Problem #1: Wind Slab:
Location: Specific slopes in the alpine above 2,000ft, where north/NW winds the last two weeks caused wind loading on lee aspects beneath ridgelines and terrain features. Recent reports found isolated areas of wind slab (3-8" thick) that are poorly bonded and easy to trigger. Be sure to dig around in high-alpine areas to assess for yourself how well-bonded the upper snowpack is. Variability will be high, so evaluate each slope carefully. Hand pits and slopes tests will be helpful in mapping out this potential danger. In large or steep terrain, slabs as thin a few inches can sweep you into dangerous situations.

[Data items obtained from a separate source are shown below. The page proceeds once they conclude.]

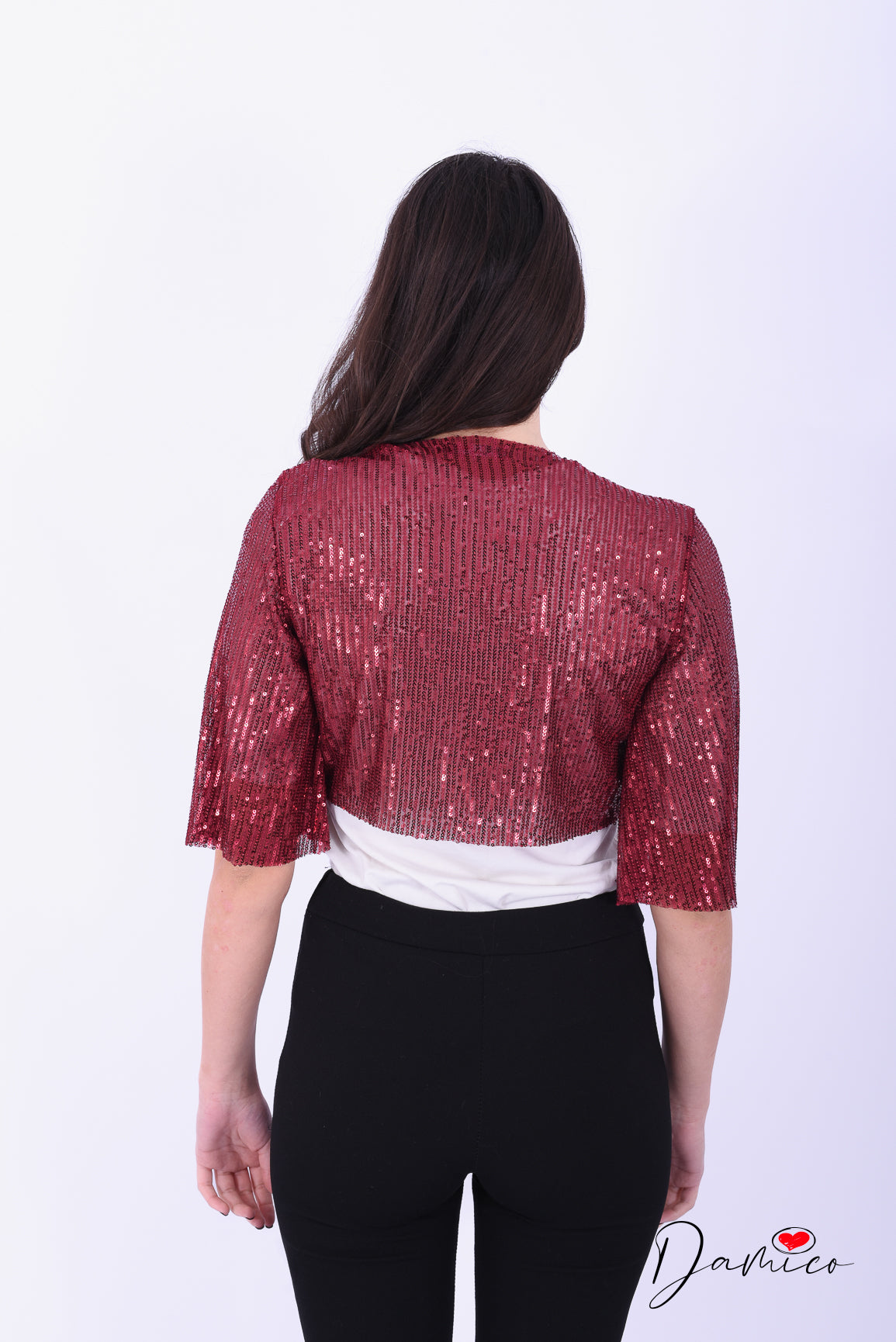 Copri spalle in paillettes con maniche corte e nodo sul davanti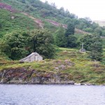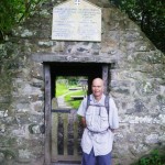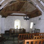 We reached Llyn (lake) Geirionydd in the early afternoon and followed a couple of local guides and their American clients down to the lake shore. The guide told us that “just ten minutes” up the road we could see Llanrhychwyn, the oldest church in Wales, which dates from the 11th century. There was a church on the site in 600AD, when Christianity had died out in England (the dark ages). It took more like 20 minutes each way, even at our relarively fast pace, but it was well worth the detour. The church today is in the corner of a farmer’s paddock, and the back wall had tractors and farm implements parked beside it. But when we walked through the stone gate it was like travelling centuries into the past. The church was unlocked, so I opened the door with some effort due to the fact that the wall is not straight up and down. The windows in the photo had what looked like stained glass but we read that it had been coloured after it was made, and is the oldest known glass in Wales.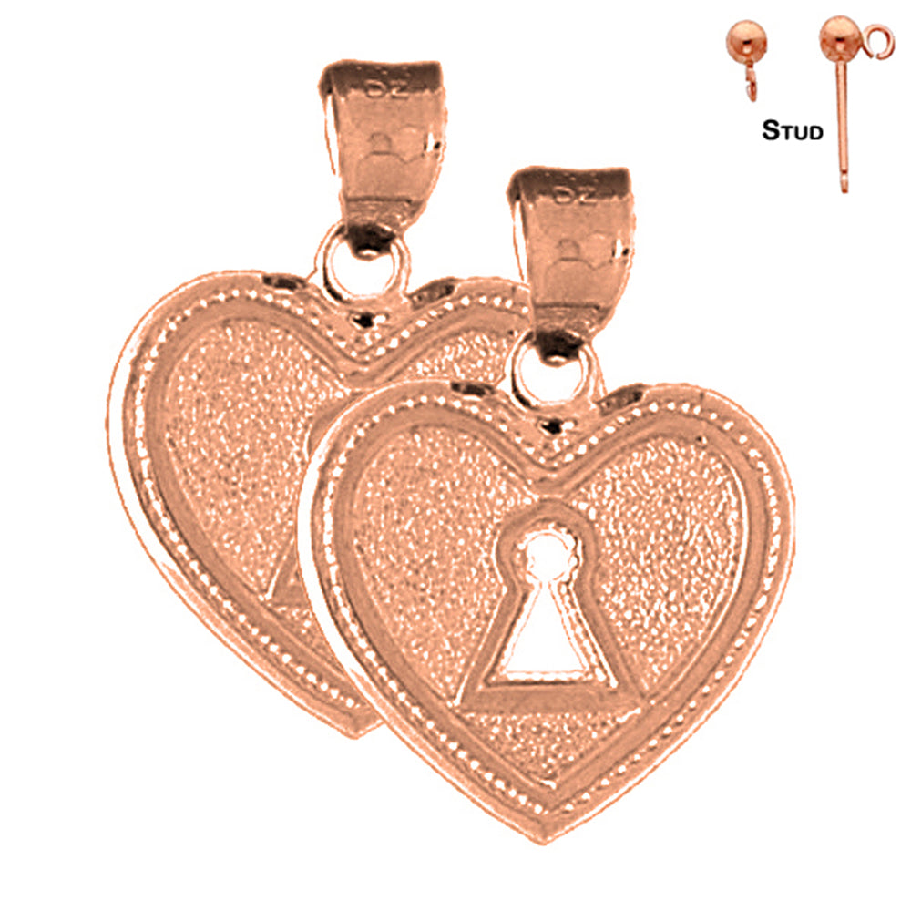Candado de corazón de 25 mm de oro de 14 quilates o 18 quilates, pendientes de bloqueo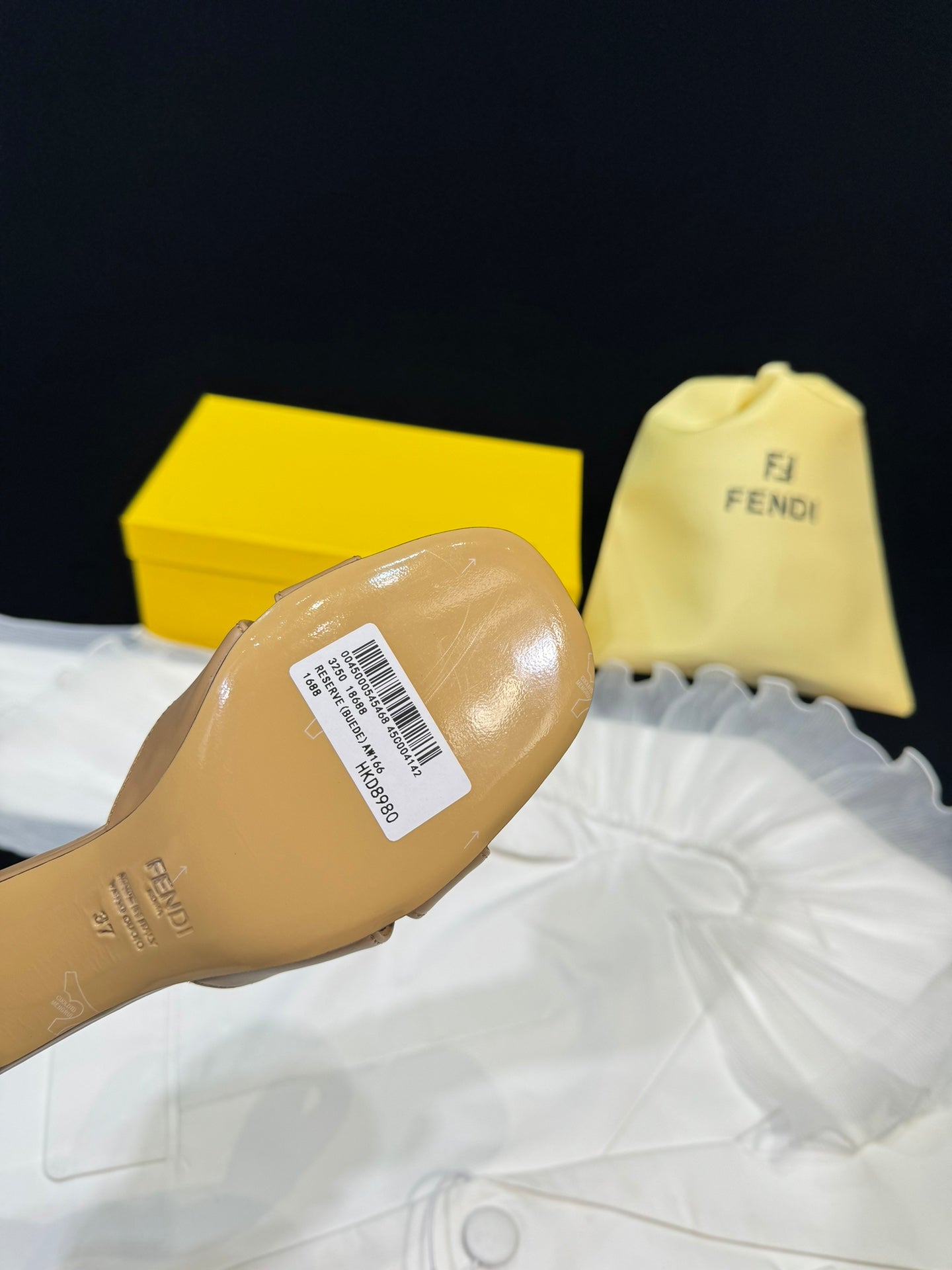 FENDI MEDIUM-HEELED 55 MM MULE IN BRONZE BROWN LAMBSKIN WITH GOLD HARDWARE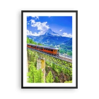 Affiche dans un cadre noir - Poster - Un train sur un pont dans les Alpes avec vue sur le Cervin - 50x70cm - Train dans les Alpes - Décoration murale moderne pour le salon et la chambre ARTTOR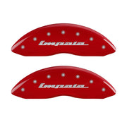 Lot de 4 couvre-étriers, gravés avant et arrière : Impala, finition poudre rouge, caractères argentés.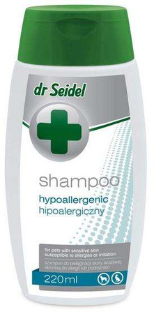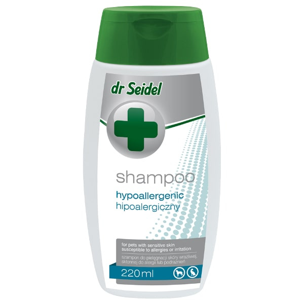 Specjalistyczny skoncentrowany szampon hipoalergiczny dla psa i kota dr Seidel. Do pielęgnacji skóry zwierząt ze skłonnością do częstych alergii i podrażnień. Polecany pod szczególnie wrażliwą skórę. Zawiera wyjątkowo łagodne środki myjące oraz substancje nawilżające i pielęgnacyjne, które odbudowują naturalną barierę ochronną skóry. Ułatwia rozczesywanie, a regularne stosowanie szamponu dr Seidel hipoalergiczny zapobiega wysuszeniu skóry oraz zapewnia włosom naturalną miękkość i połysk. Nie zawiera barwników, substancji zapachowych i parabenów. Można go stosować przy nietolerancji na inne szampony

January 8th Snow pit from the Lutak zone, at 2700ft, N aspect. Notice fresh wind slabs in top 15cm (easy triggering), and hard triggering down 35cm.
Light snow on Monday will taper off by evening. Around 3" fell in the Lutak zone. Tuesday should feature some clearing and a break in the weather before a major pattern change. Wednesday-on we will have increasing south winds, rapidly warming temperatures, and rising snow levels with periods of heavy precipitation. It's hard to pin down the details but 1-2" of precipitation is likely by Friday, with snow levels peaking around 3000ft.
( *star means meteorological estimate )
If you get out riding, please send in an observation!
Do a rescue practice with your partners. Always carry a beacon, shovel, and probe, and KNOW HOW TO USE THEM.
Practice good risk management, which means only expose one person at a time to slopes 30 degrees and steeper, make group communication and unanimous decision making a priority, and choose your terrain wisely: eliminating unnecessary exposure and planning out your safe zones and escape routes.